▶ _WHAT THE EXERCISE ASKS_
Under this line are the records; repeat exactly the lines starting at the one containing "Kidsdepot Alec coat" and ending at the one containing "- Si necesitas", omitting pictures.

▶ _DATA RECORDS_
○ ○ ○ ○ ○ ○ ○
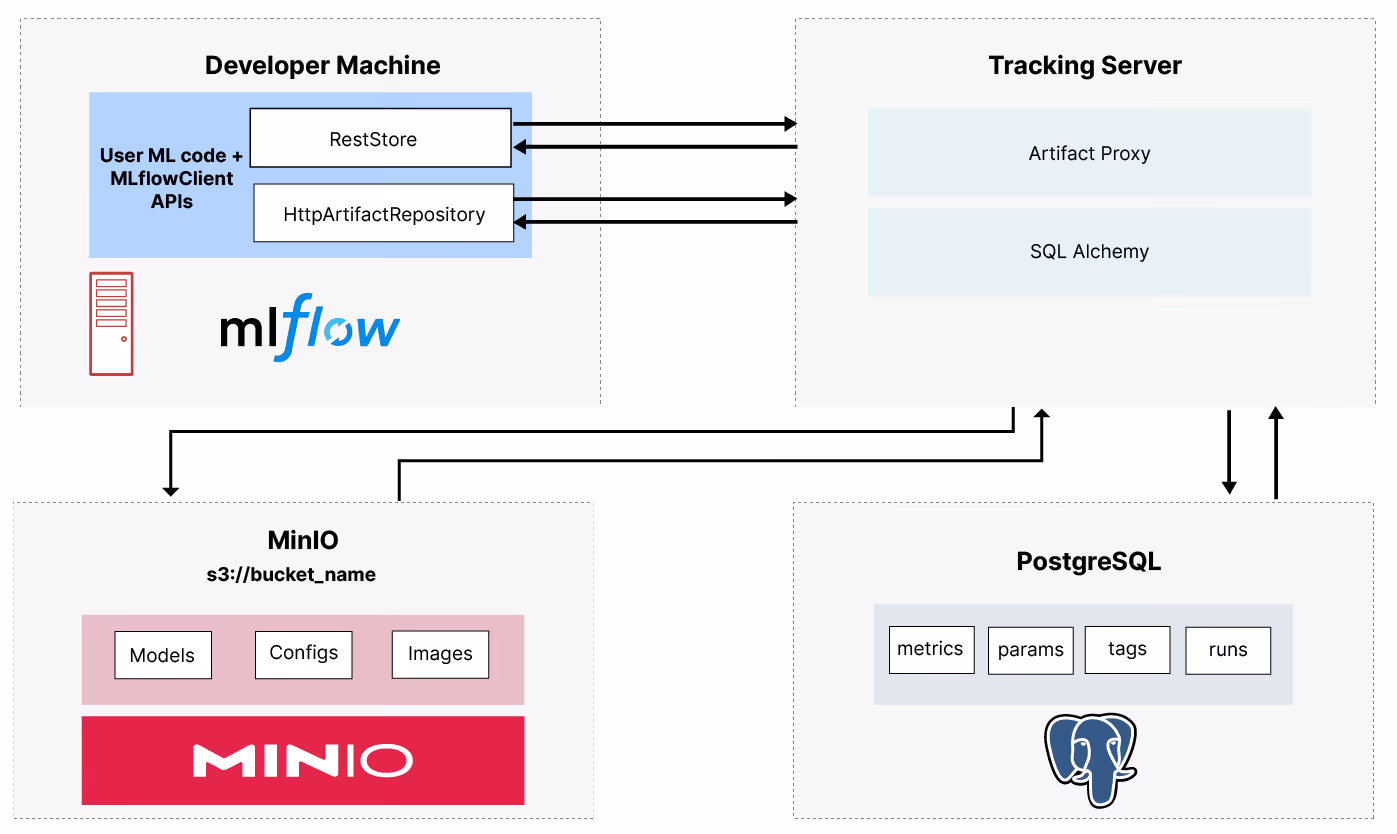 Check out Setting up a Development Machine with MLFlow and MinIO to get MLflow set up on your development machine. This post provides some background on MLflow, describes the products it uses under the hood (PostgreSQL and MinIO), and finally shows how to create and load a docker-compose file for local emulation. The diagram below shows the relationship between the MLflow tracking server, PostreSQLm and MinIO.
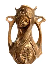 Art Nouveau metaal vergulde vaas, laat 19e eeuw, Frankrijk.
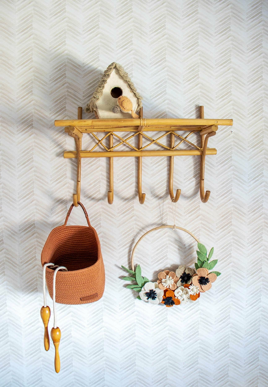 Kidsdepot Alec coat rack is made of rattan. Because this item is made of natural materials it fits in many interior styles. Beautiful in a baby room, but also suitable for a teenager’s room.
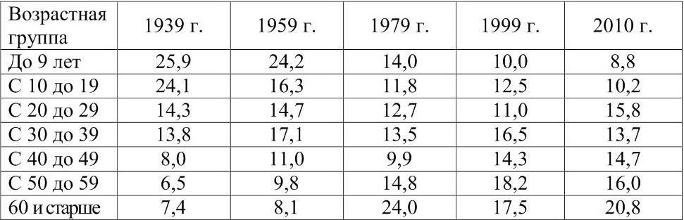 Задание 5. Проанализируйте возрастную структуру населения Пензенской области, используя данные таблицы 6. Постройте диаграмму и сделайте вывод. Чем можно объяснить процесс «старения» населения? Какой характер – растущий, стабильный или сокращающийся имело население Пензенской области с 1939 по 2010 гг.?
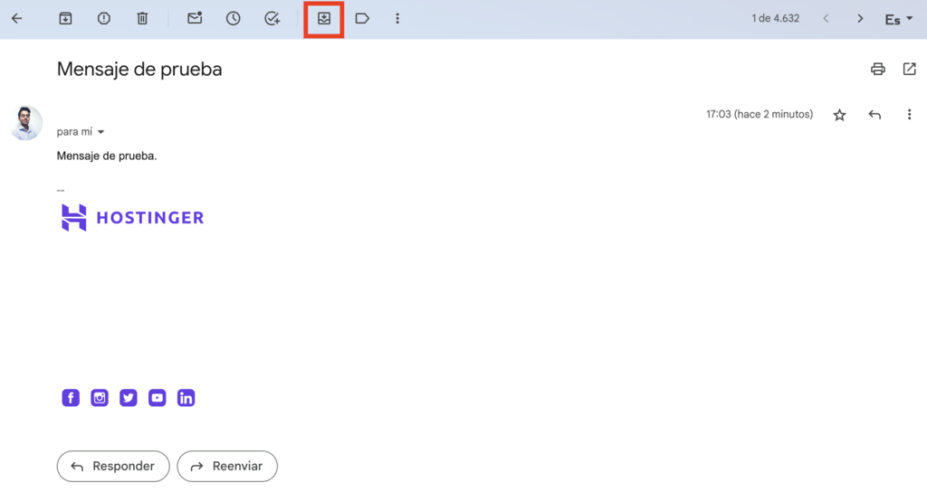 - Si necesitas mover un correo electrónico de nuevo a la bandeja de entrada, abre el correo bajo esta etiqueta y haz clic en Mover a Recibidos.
○ ○ ○ ○ ○ ○ ○
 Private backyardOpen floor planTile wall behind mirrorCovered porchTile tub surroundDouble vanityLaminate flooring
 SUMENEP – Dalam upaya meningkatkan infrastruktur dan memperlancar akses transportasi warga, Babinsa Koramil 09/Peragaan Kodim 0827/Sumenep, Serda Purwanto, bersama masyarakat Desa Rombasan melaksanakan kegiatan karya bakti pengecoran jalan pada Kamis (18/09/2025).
○ ○ ○ ○ ○ ○ ○
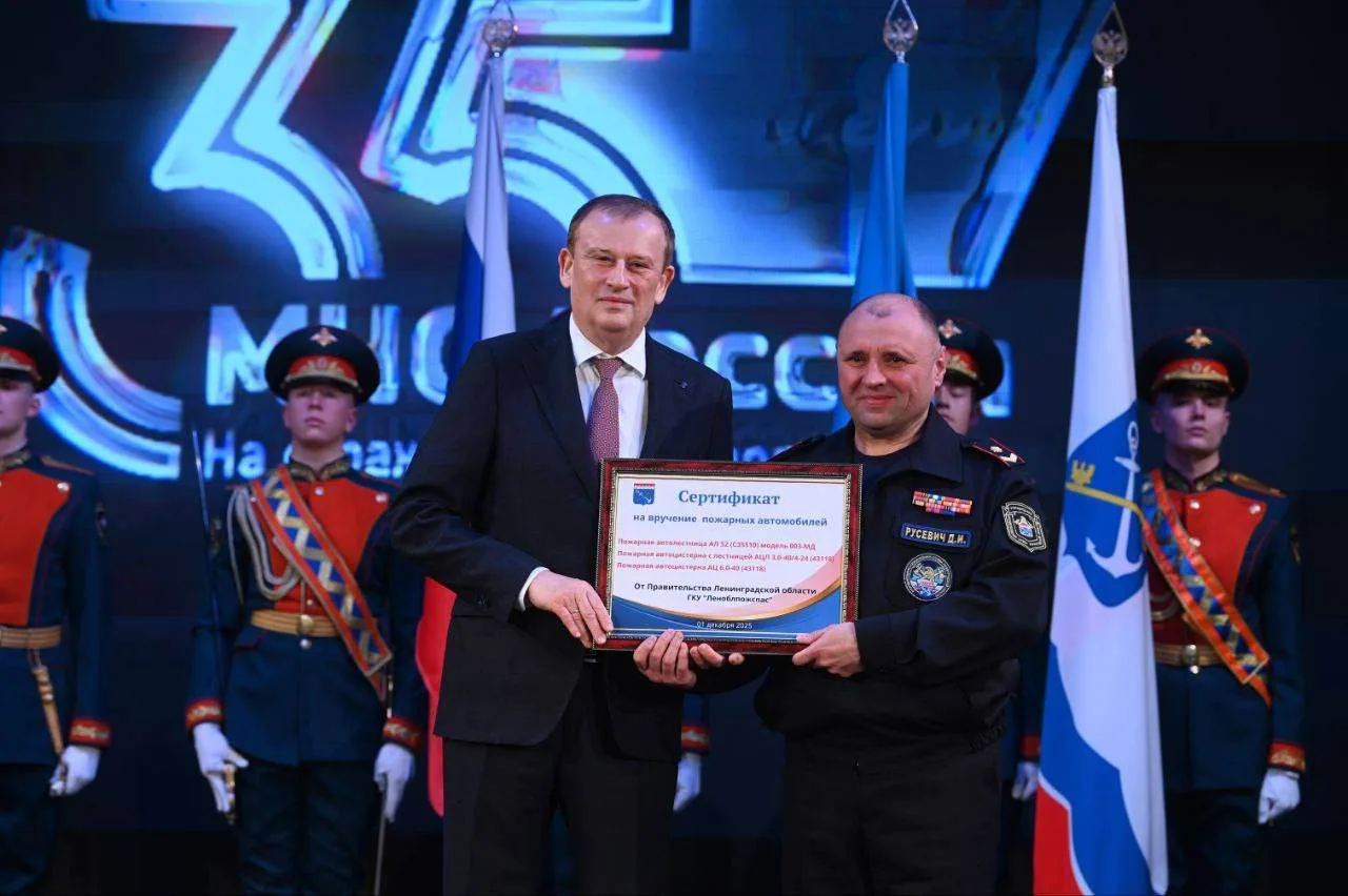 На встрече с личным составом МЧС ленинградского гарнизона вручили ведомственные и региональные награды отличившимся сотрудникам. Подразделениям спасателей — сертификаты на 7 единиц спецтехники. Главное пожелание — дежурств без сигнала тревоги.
○ ○ ○ ○ ○ ○ ○
▶ _RESULT BELOW_
 Kidsdepot Alec coat rack is made of rattan. Because this item is made of natural materials it fits in many interior styles. Beautiful in a baby room, but also suitable for a teenager’s room.
 Задание 5. Проанализируйте возрастную структуру населения Пензенской области, используя данные таблицы 6. Постройте диаграмму и сделайте вывод. Чем можно объяснить процесс «старения» населения? Какой характер – растущий, стабильный или сокращающийся имело население Пензенской области с 1939 по 2010 гг.?
 - Si necesitas mover un correo electrónico de nuevo a la bandeja de entrada, abre el correo bajo esta etiqueta y haz clic en Mover a Recibidos.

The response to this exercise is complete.